Он подхватил Бэйбу и поднял ее к потолку.
– Боже! – охнула она, стукнувшись головой об абажур.
Ударил колокол, и чей-то голос объявил, что все провожающие должны покинуть корабль.
– Святой Моисей, нам придется добираться вплавь, – воскликнул Туша, а Джоанна охнула: – Майн Гот!
Тод поднял воротник своего плаща и осенил нас крестным знамением шутки ради. Они гурьбой заторопились к выходу, оставив нам помятые розы и недопитую бутылку виски с еще влажным от прикосновений их ртов горлышком.
– Он так и не пришел, – сказала я Бэйбе, и она обняла меня. Мы обе заплакали.
– Я сойду с ума, я сойду с ума, – повторяла я, всхлипывая.
– О, нет, только не это, – ответила она, – подожди, хоть до Англии доберемся.
Тут Бэйба вспомнила про громадную сумму денег, которой мы располагаем.
– Боже, наши деньги, наши сумочки!
Она смахнула с кровати наши чемоданы и груду свертков из бурой бумаги, под которыми лежали наши сумочки.

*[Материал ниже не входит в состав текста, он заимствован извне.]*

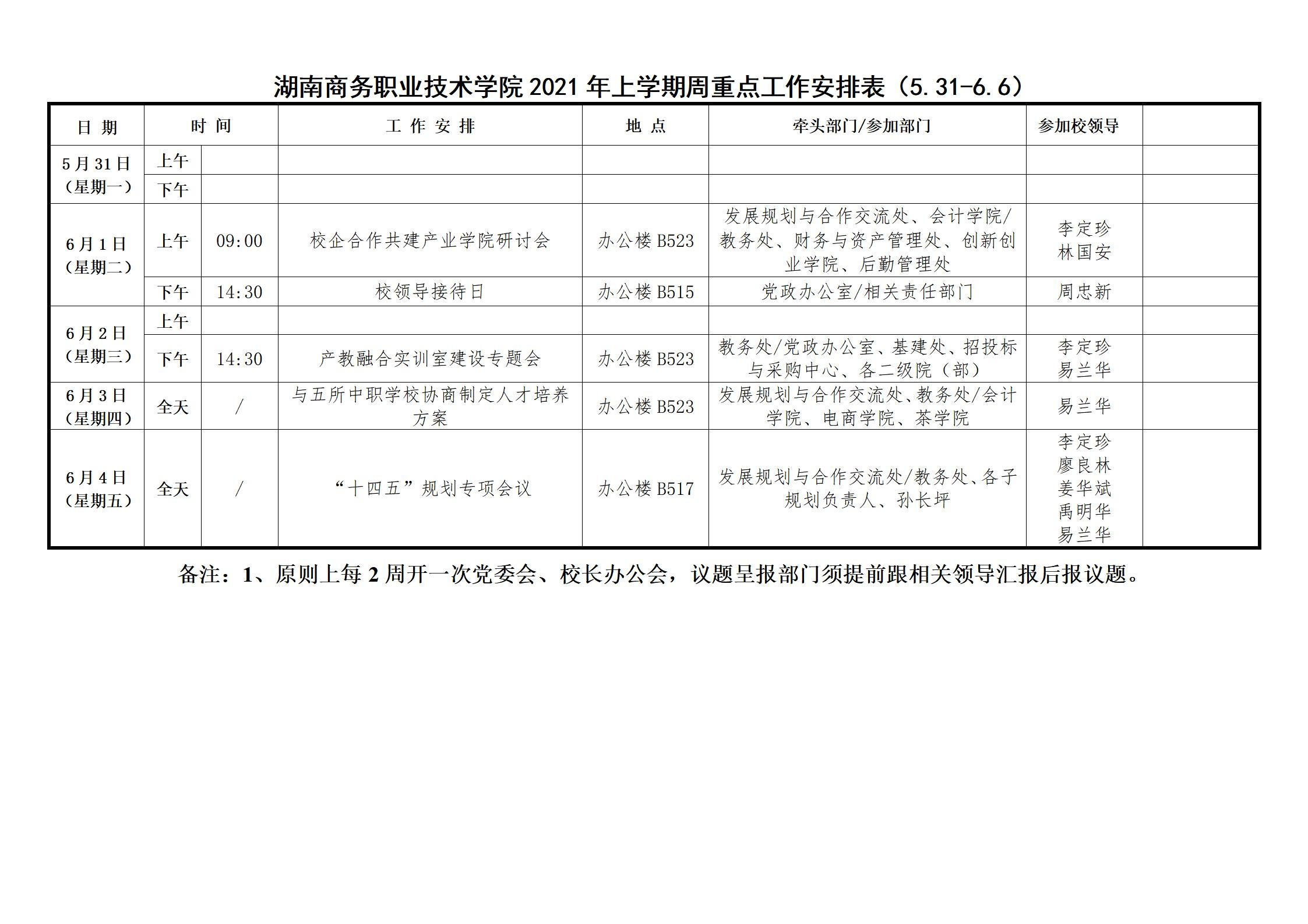 韦德com2021年上学期周重点工作安排表(5.31-6.6)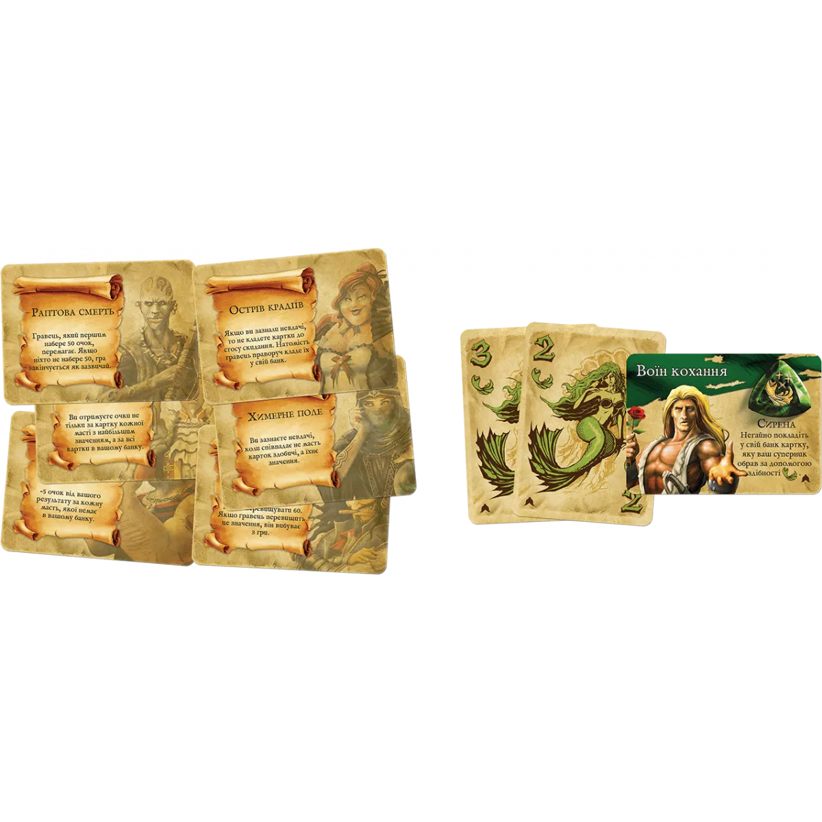 У коробці 1 правила;, 60 карток здобичі;, 17 карток здібностей піратів;, 6 карток варіантів гри;, 4 картки перебігу гри;, 4 картки-пам’ятки., 3 картки варіанта гри «Здібність русалки».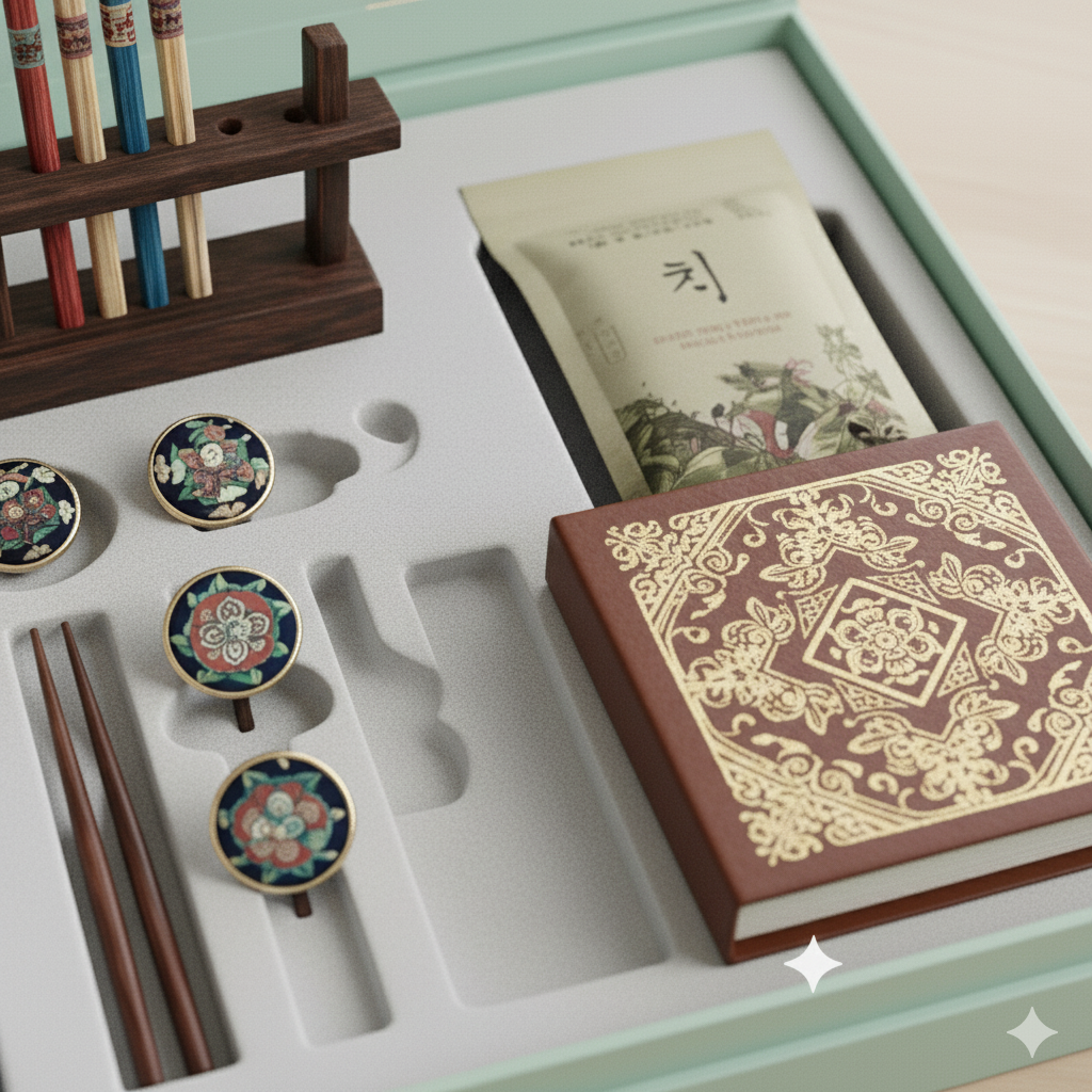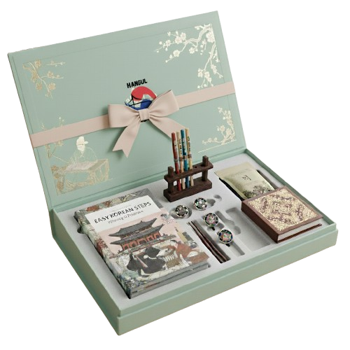 To practice writing, the kit includes a Practice Notebook πŸ“ and Calligraphy Brushes & Ink πŸ–ŒοΈ. Writing by hand helps learners memorize characters, develop fine motor skills, and connect with the traditional art of Korean calligraphy. The tactile experience makes learning fun, creative, and immersive 🎨.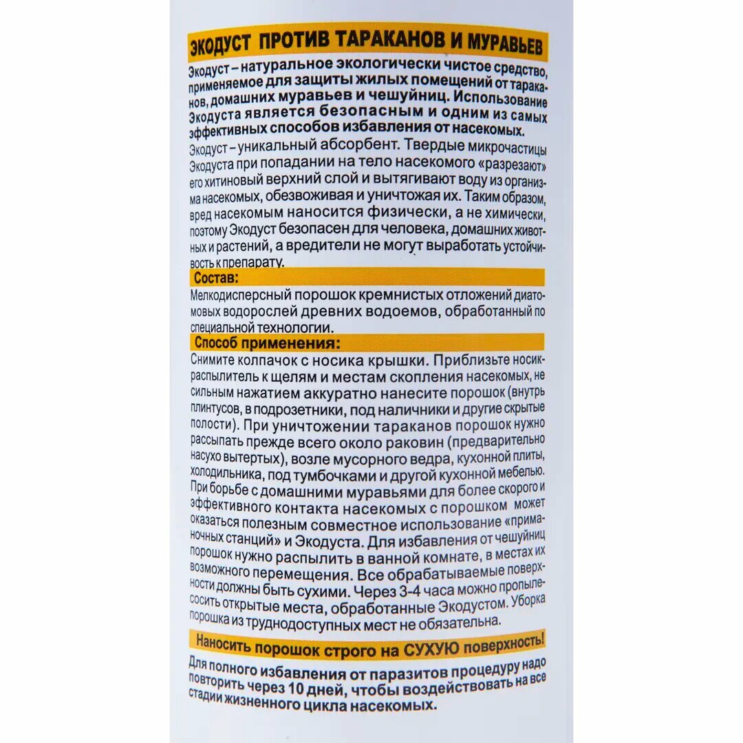 | Инструкция по применению | Снимите колпачок с носика крышки. Приблизьте носик-распылитель к щелям и местам скопления насекомых, не сильным нажатием аккуратно нанесите порошок (внутрь плинтусов, в подрозетники, под наличники и другие скрытые полости). При уничтожении тараканов порошок нужно рассыпать прежде всего около раковин (предварительно насухо вытертых), возле мусорного ведра, кухонной плиты, холодильника, под тумбочками и другой кухонной мебелью. При борьбе с домашними муравьями для более скорого и эффективного контакта насекомых с порошком может оказаться полезным совместное использование «приманочных станций» и Экодуста. Для избавления от чешуйниц порошок нужно распылить в ванной комнате, в местах их возможного перемещения. Все обрабатываемые поверхности должны быть сухими. Через 3-4 часа можно пропылесосить открытые места, обработанные Экодустом. Уборка порошка из труднодоступных мест не обязательна. Наносить порошок строго на СУХУЮ поверхность! |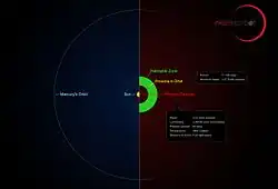 Proxima Centauri b ou, plus simplement, Proxima b, est une planète en orbite (à 0,05 ua) dans la zone habitable de Proxima Centauri[12]. Sa découverte a été officiellement annoncée le par l'Observatoire européen austral (ESO)[13],[14].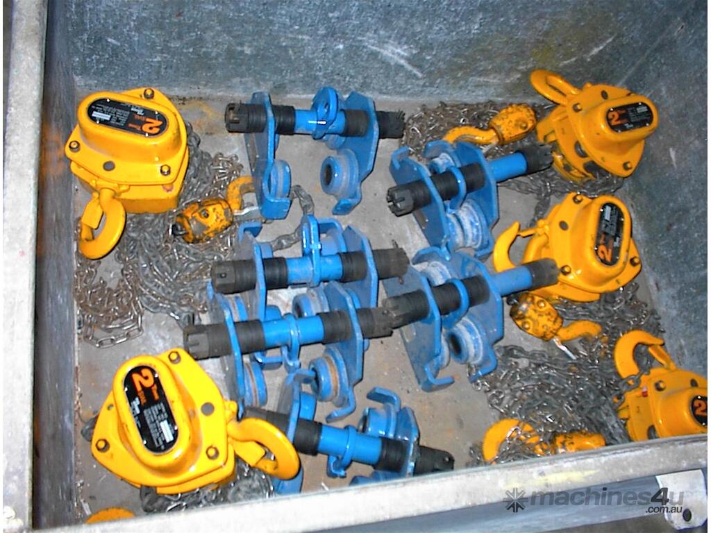Rigmate push girder trolleys, adjustable for beam width 64mm-203mm, 1 tonne rated capacity, as new condition, 6 units available , price each $55 inc gst.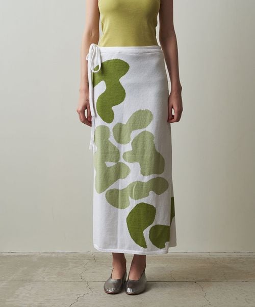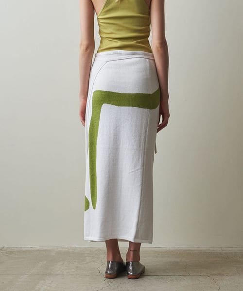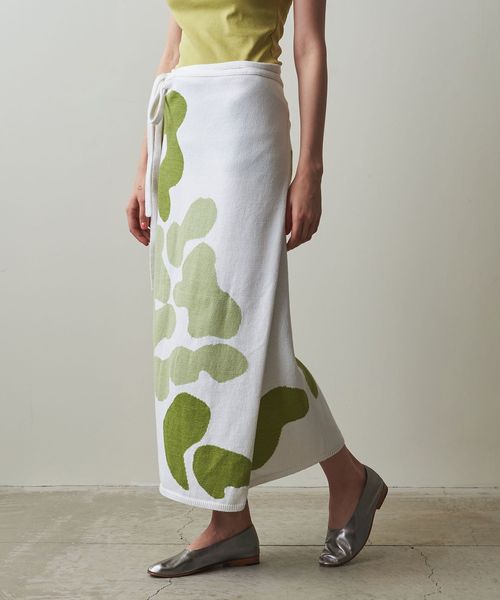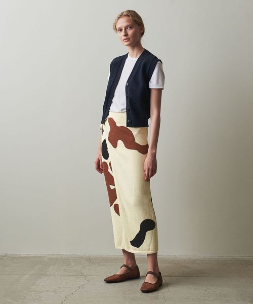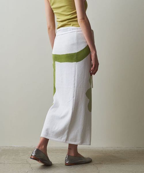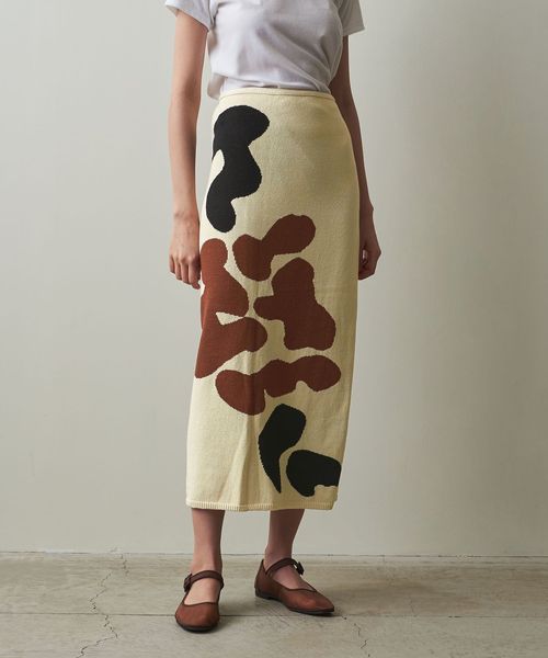 まるで絵画のような柄が目をひく、ニットスカート。

В последний момент мы обнаружили, что наши вещи не влезают в чемодан, и пришлось их заворачивать в бумагу. Бэйба сказала, что нам придется брать тележку, когда мы прибудем в Ливерпуль.
– Будем караулить всю ночь, – заявила она, – кто знает, вдруг сюда ввалится какой-нибудь негодяй, изнасилует нас и украдет деньги!
– Я не смогу забыть его, – сказала я ей, подходя к зеркалу и утирая слезы над раковиной.
– Никто и не просит тебя об этом, – ответила Бэйба, – но в любом случае не вешай нос, мы с тобой прекрасно устроимся в Сохо.
Прозвучало новое объявление по корабельному радио. Я слушала его, трепеща от надежды, что, может быть, услышу о нем, но все было напрасно.
– Можно понять по моему виду, что я девушка с прошлым? – спросила я Бэйбу. Я так осунулась, что теперь мне не надо было втягивать щеки, чтобы казаться худощавее.
Она ответила, глядя на меня в зеркало:
– Можно понять, что ты не спала как следует последние шесть месяцев, вот что можно понять.
Сказав это, она нажала на кнопку звонка. Пришел стюард.
– Я случайно, – сказала ему Бэйба.
Он посмотрел на ужасный хаос в каюте, на валявшуюся на полу одежду и смятые цветы, на меня в слезах и на Бэйбу, которая поглаживала почти пустую бутылку виски у себя на коленях. Он покачал головой и ушел.
– Если они мечтают получить большие чаевые завтра, пусть пошевеливают задницей, а то ничего я им не дам, – сказала Бэйба громко.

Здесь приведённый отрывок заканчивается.